▶ SOURCE DATA:

---

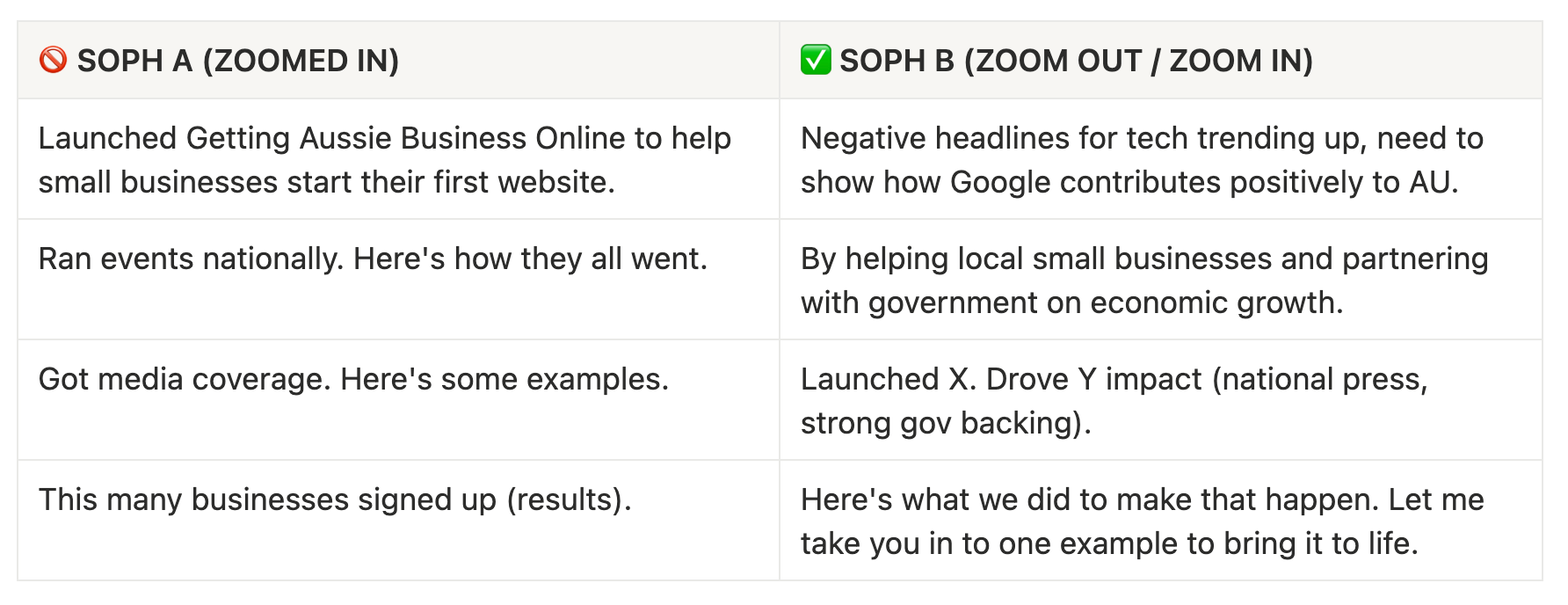 2. “Zooming out. We’re trying to [strategic outcome]. To get there I recommend we…”
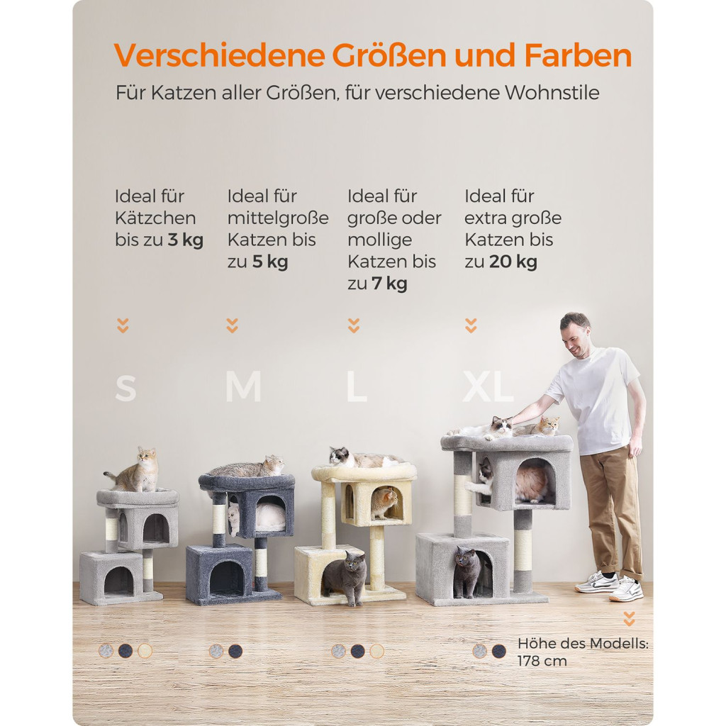Kompakt, 67 cm magas macskabútor két kuckóval és kaparófával, kifejezetten 3 kg alatti kiscicák számára tervezve. Puha plüss borítással és tágas pihenőfelülettel a maximális kényelemért.
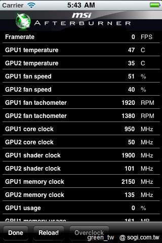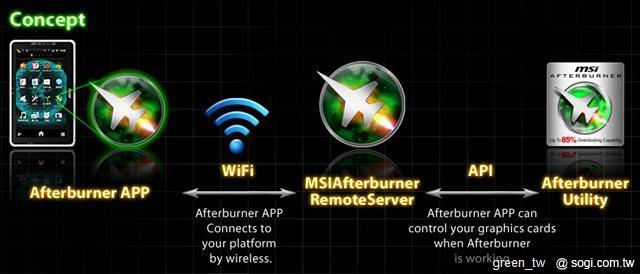 微星科技與知名程式設計師 Nick Connors 共同合作開發的 Afterburner APP,將微星獨家 Afterburner 超頻軟體向外延伸到手持行動裝置上,透過 Wi-Fi 連線,使用者就能隨時隨地監看核心溫度、頻率、記憶體時脈、風扇轉速等等的顯示卡相關資訊,提供更多樣且便利的使用體驗。

---

▶ TASK GOAL: Word for word, give the listing above again, but drop any pictures.

▶ RESPONSE AREA:
 2. “Zooming out. We’re trying to [strategic outcome]. To get there I recommend we…”
Kompakt, 67 cm magas macskabútor két kuckóval és kaparófával, kifejezetten 3 kg alatti kiscicák számára tervezve. Puha plüss borítással és tágas pihenőfelülettel a maximális kényelemért.
 微星科技與知名程式設計師 Nick Connors 共同合作開發的 Afterburner APP,將微星獨家 Afterburner 超頻軟體向外延伸到手持行動裝置上,透過 Wi-Fi 連線,使用者就能隨時隨地監看核心溫度、頻率、記憶體時脈、風扇轉速等等的顯示卡相關資訊,提供更多樣且便利的使用體驗。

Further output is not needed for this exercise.